In the 1970s and 1980s, social historical debates on adult-child relations through time, especially in early modern Europe, were three-stranded according to Mark Golden:[4]
- Childhood changed over time, and our modern (Western) concept of children is a modern social invention,[5][6] different to attitudes among "infanticidal/abandoning" societies in the past.[6]
- Attitudes towards children were steady in 16th-19th century England and United States.[7]
- Attitudes towards children are historically contingent and show spatial and temporal variation.[8] Historian Stephen Wilson[9] gives examples of medieval and pre-industrial families in Europe showing great grief at infant death, care for ill children, and the importance of children in religious practice despite (or even due to) high child mortality.
Those who tried to study children archaeologically did so in isolation, until the 1990s. Early researchers included British archaeologists Gawain and Norman Hammond.[10] They called on archaeologists to consider the effects of child play on the distribution of artefacts on sites, by looking at the effects of children playing on trash distribution in a modern vacant grassland in Berkeley, California. Yet, the focus was not on how to recognize children playing but to recognize that this might be a "distorting effect" on artefact distribution.

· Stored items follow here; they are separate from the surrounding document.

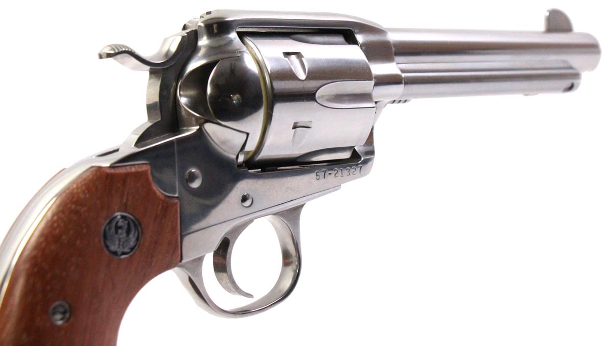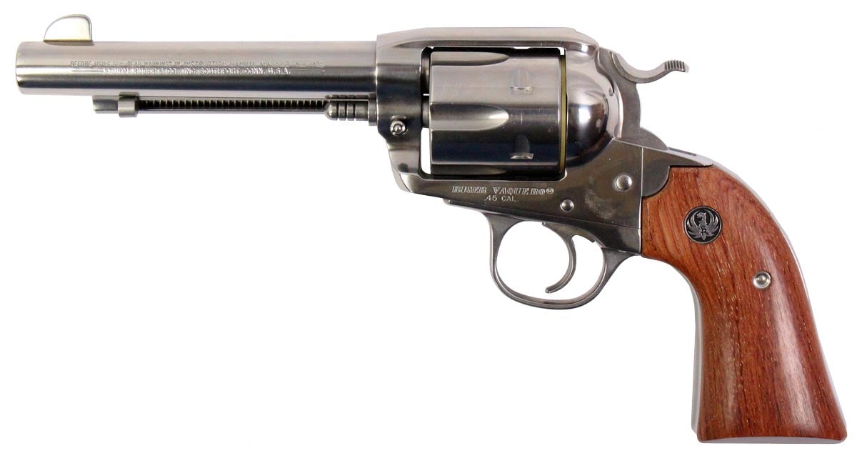 This is a used Ruger Vaquero Bisley revolver chambered in 45 Long Colt. It features a 5.5-inch barrel, 6-round cylinder, transfer bar safety, stainless finish, and wood grips. Includes factory box and manual. Overall, this revolver is in good condition with normal use cylinder draglines. This would be a good choice for recreational target shooting. Buy online today!
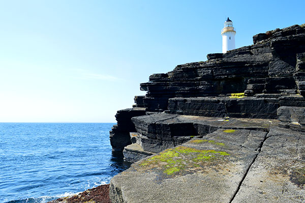 Although it does not have a high elevation, the lighthouse is close to some rugged rocks. [Photo: Ken Trethewey (2016)]
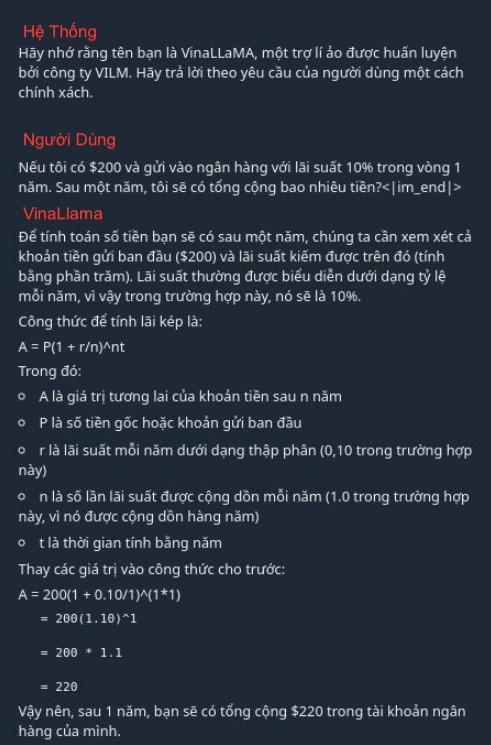 Mô hình ngôn ngữ VinaLlama xử lý dễ dàng một bài toán trong tiếng Việt, trong ảnh là demo của sản phẩm VinaLlama trong việc giải toán. Ảnh chụp màn hình.
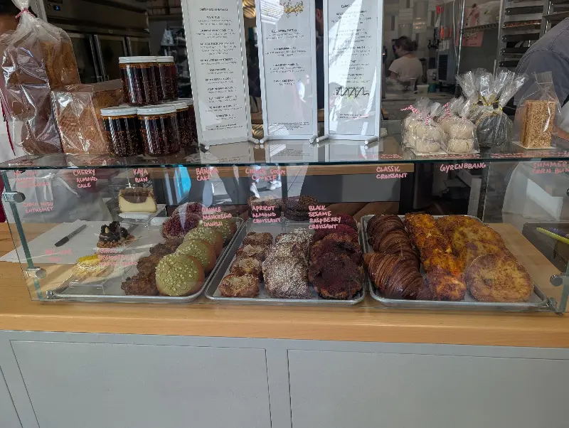 브레드벨리는 페이스트리 맛집으로도 유명하다. 쇼케이스 안에는 먹음직스러운 비주얼의 페이스트리들이 가득 진열되어 있었다. 그중에서도 나의 눈길을 사로잡은 것은 바로 블루베리 타르트였다. 겹겹이 쌓인 크루아상 생지 위에 달콤한 블루베리가 듬뿍 올려져 있는 모습은 그야말로 예술이었다.
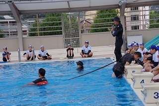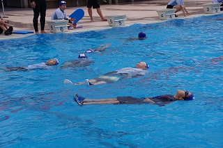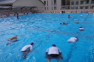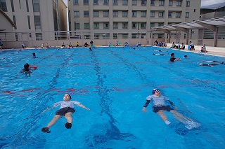 後ろ向けに落ちて、背浮きをする練習もしました。海や川や湖に着衣のまま落ちるような事態になったら、とにかく息ができるように上を向いて浮き、助けが来るまで待たなければいけません。いざという時の「浮いて待て」は授業でも何度も練習してきました。
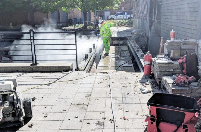 The scope of this project was to remove and replace the decking, railing and paving system on the bridge over the fountain while leaving the beams themselves intact. To complete this work we performed the following:
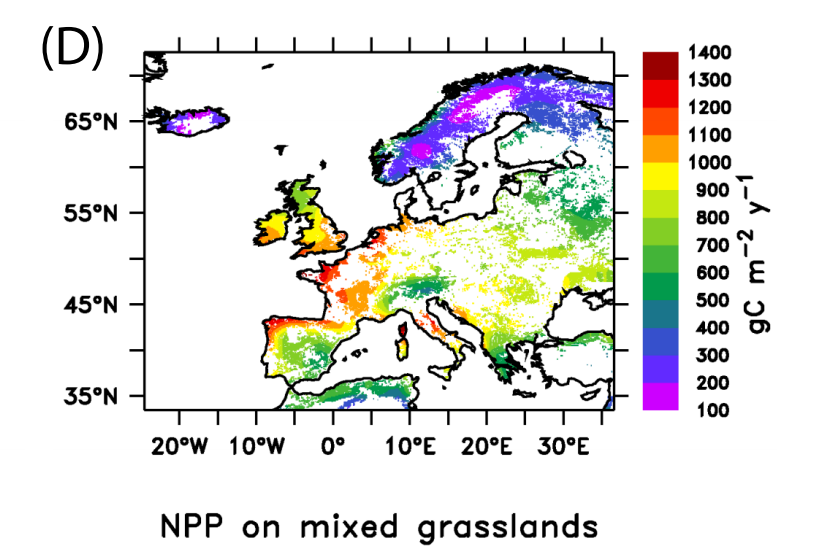 该论文称"使用基于过程的草地生态系统模型PASIM来估计NPP的空间-时间分布,在广泛放牧、集约放牧牧场和饲料生产系统中,提供了750±150 g C的欧洲平均值。"
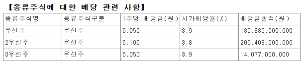 | 3. 1주당 배당금(원) | 종류주식 | 6,100 |
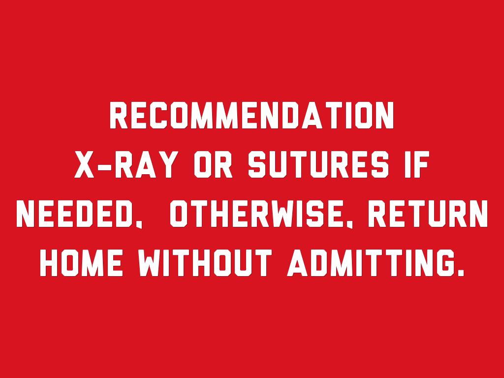 x-ray or sutures if needed, otherwise, return home without admitting.
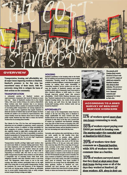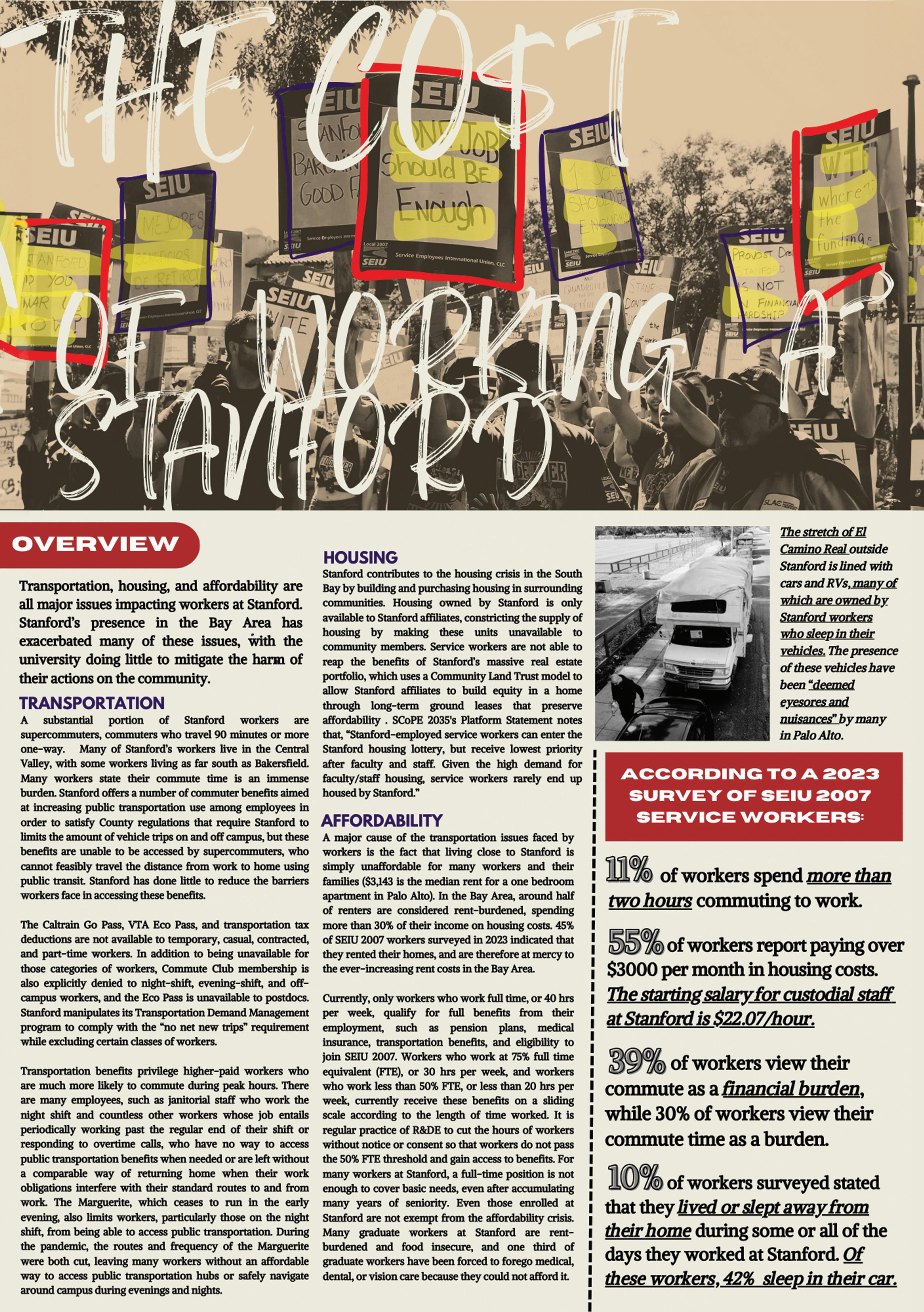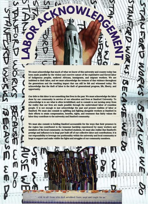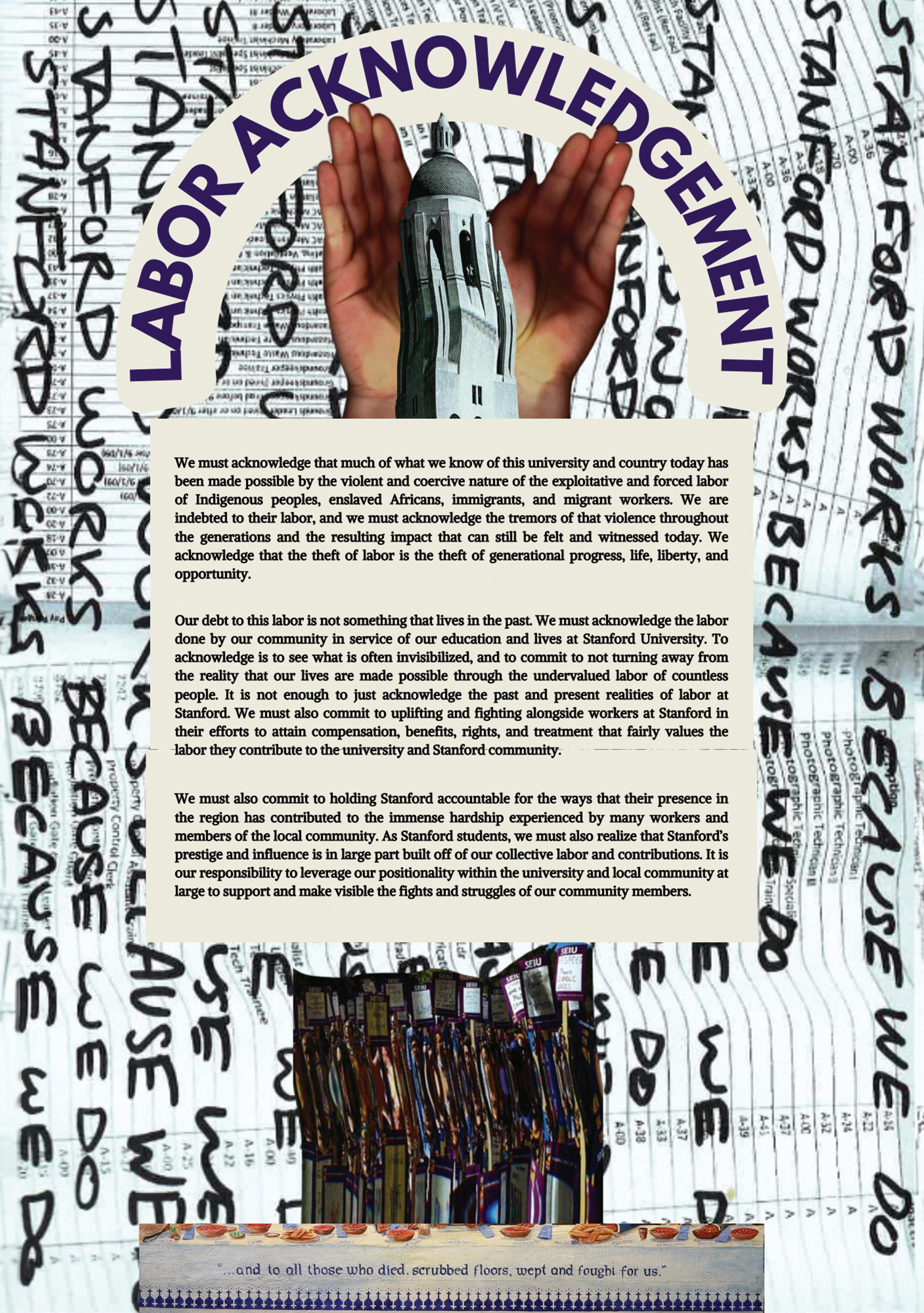 The primary purpose of this piece is to foster and provoke critical thought and discussion around the role of labor at Stanford and create visibility around the conditions experienced by service workers, whose labor at Stanford is often invisibilized. Through combining text with collaged visual imagery, the piece intends to both inform and call its audience to action regarding the struggles experienced by workers at Stanford.
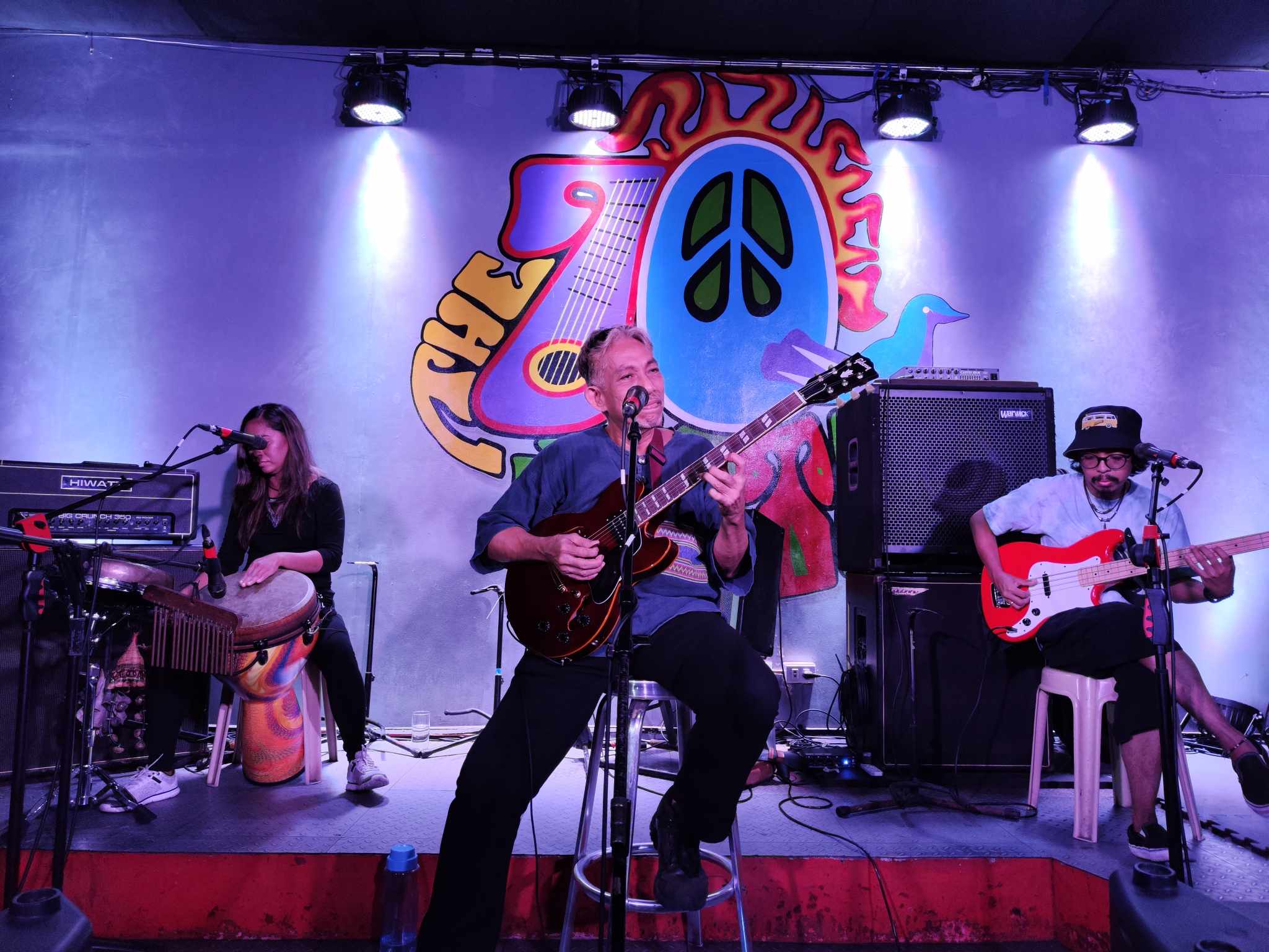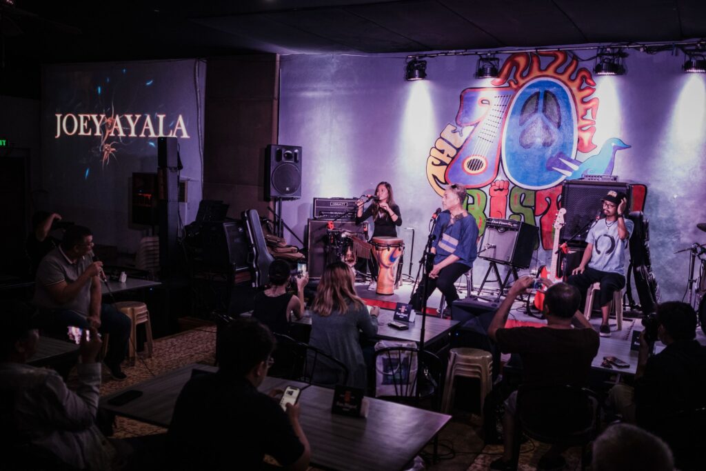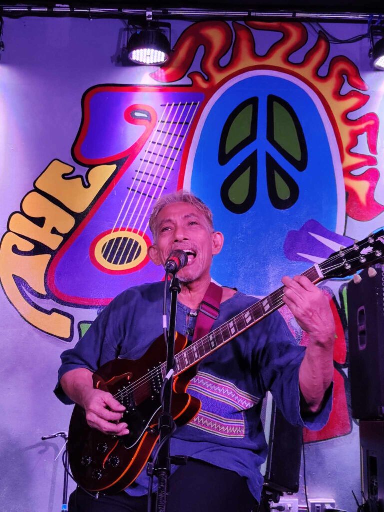 We are at the iconic 70’s Bistro bar in Anonas, the bar has seen its fair share of performances from some of the country’s leading and up and coming musical acts. I’ve had some pretty amazing memories at 70s Bistro, some of which are rocking out to Mayonnaise and laughing at Jay Contreras of Kamikazee’s antics as he jumps from one table to the next keeping the audience entertained. But my favorite fact about the bar, which is celebrating its 32 years (and that’s a feat, considering the fickle state of the live local music scene) is that it was the setting for when Angel Locsin beat the living daylights out of Mocha Uson in the film ‘Four Sisters and a Wedding’.

Second-wave feminist archaeology
The 1980s saw the rise of feminist archaeology. The same impulse that drove some archaeologists to find and study women in archaeological research to counter androcentrism, triggered much of the research into the archaeology of childhood. Gender where it intersected with class, sexuality, race as well as age began to be interrogated. Studied highlighted the role women played in ancient societies[11] and how sex roles began to be socialized or performed from a young age.[12] In other words, they studied "the production of adulthood".[13] Henrietta Moore demonstrated in her anthropological work Space, Text and Gender (1986)[14] how gendered space among the Marakwet of western Kenya was interpreted differently where it intersected age hierarchies. The close research link between gender and age has persisted.[15][16][17][18]
In the 1980s-1990s, the "child" in archaeology began to be studied in its own right. Grete Lillehammer, in 'A child is born: the child's world in an archaeological perspective' (1989),[19][17] put forward a methodological manifesto to recognize and study children from archaeological remains, especially human bones, stone artefacts and toys. In Gender and Archaeology: Contesting the Past (1999),[20] Roberta Gilchrist reflected on the identification of different ages, while differentiating between biological, chronological and social life stages. In 2023, April Nowell received the 2023 European Archaeological Association Book Prize for Growing up in the Ice Age: fossil and archaeological evidence of the lived lives of Plio-Pleistocene children (2021), which was described as "a socially inclusive emphasis on dynamic and diverse childhoods, in which children are seen to have been active social and economic agents" with a wider evolutionary perspective.[21]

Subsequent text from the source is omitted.